Reflection test pattern (no DB, no IMAP needed):

$ref = new ReflectionClass(\Detain\MyAdminAbuse\Plugin::class);
$method = $ref->getMethod('getHooks');
$this->assertTrue($method->isPublic() && $method->isStatic());

Conventions

  • Commit messages: lowercase, descriptive (fix imap header parsing, add uceprotect import)
  • Tabs for indentation (per .scrutinizer.yml coding style config)
  • ImapAbuseCheck has no namespace — it is a global class loaded via function_requirements('class.ImapAbuseCheck')
  • Log with myadmin_log('myadmin', 'debug', $msg, __LINE__, __FILE__)
  • Run caliber refresh before committing; stage CLAUDE.md .claude/ CALIBER_LEARNINGS.md

Before Committing

IMPORTANT: Before every git commit, you MUST ensure Caliber syncs agent configs with the latest code changes.

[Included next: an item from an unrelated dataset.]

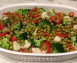 Punem o oala cu apa pe foc, iar cand incepe sa fiarba se adauga buchetelele de conopida si broccoli la oparit. Se lasa 5-10 minute, se scot si se pun intr-un vas termorezistent sau de ceramica.
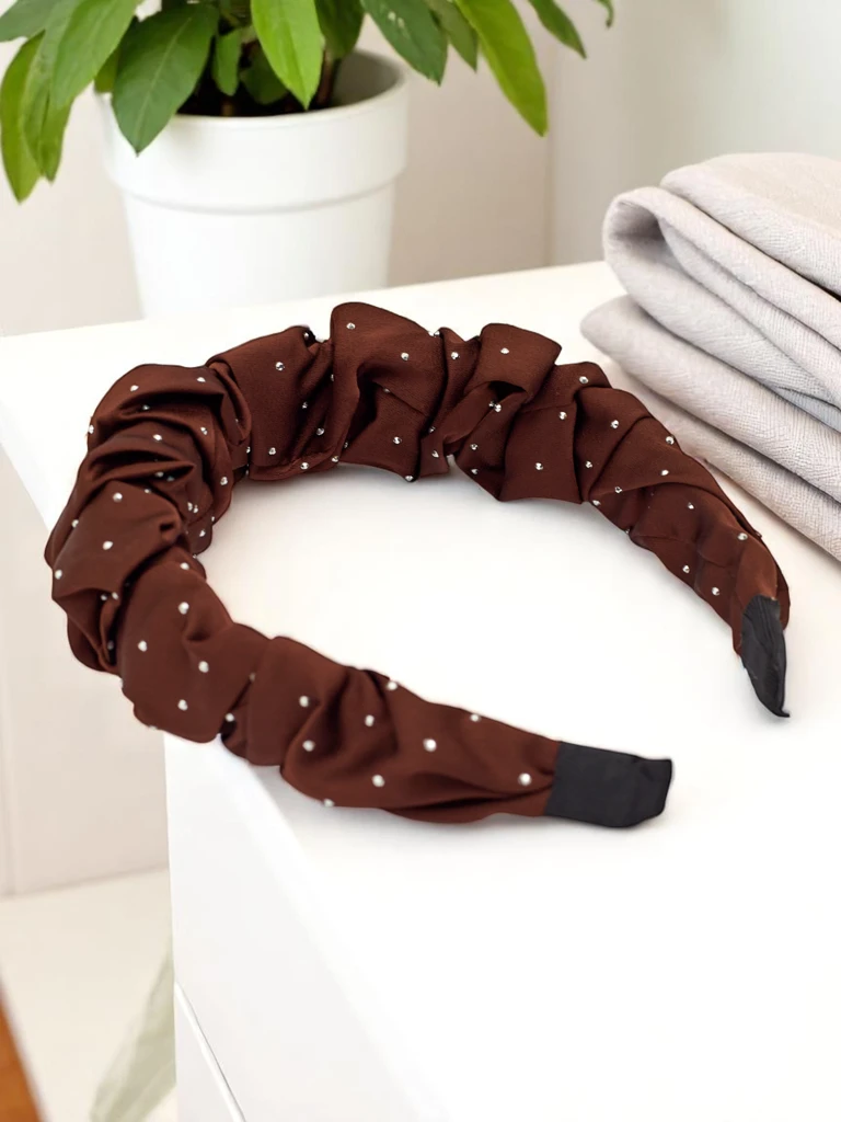 - Satiinist peapael, mis on kroogitud ja kaunistatud säravate kivikestega, on elegantne aksessuaar, mis lisab igale rõivastusele sära. Pehme kangas ja läikivad detailid loovad glamuurse efekti. Täiuslik erilisteks sündmusteks ja õhtusteks väljaminemisteks.

First, check if the pre-commit hook is already installed:

grep -q "caliber" .git/hooks/pre-commit 2>/dev/null && echo "hook-active" || echo "no-hook"
  • If hook-active: the hook handles sync automatically — just commit normally. Tell the user: "Caliber will sync your agent configs automatically via the pre-commit hook."
  • If no-hook: run Caliber manually before committing:
    1. Tell the user: "Caliber: Syncing agent configs with your latest changes..."
    2. Run: caliber refresh && git add CLAUDE.md .claude/ .cursor/ .cursorrules .github/copilot-instructions.md .github/instructions/ AGENTS.md CALIBER_LEARNINGS.md .agents/ .opencode/ 2>/dev/null
    3. After it completes, briefly tell the user what Caliber updated. Then proceed with the commit.

If caliber is not found, tell the user: "This project uses Caliber for agent config sync. Run /setup-caliber to get set up."

Session Learnings

Read CALIBER_LEARNINGS.md for patterns and anti-patterns learned from previous sessions. These are auto-extracted from real tool usage — treat them as project-specific rules.

Context Sync

This project uses Caliber to keep AI agent configs in sync across Claude Code, Cursor, Copilot, and Codex. Configs update automatically before each commit via caliber refresh. If the pre-commit hook is not set up, run /setup-caliber to configure everything automatically.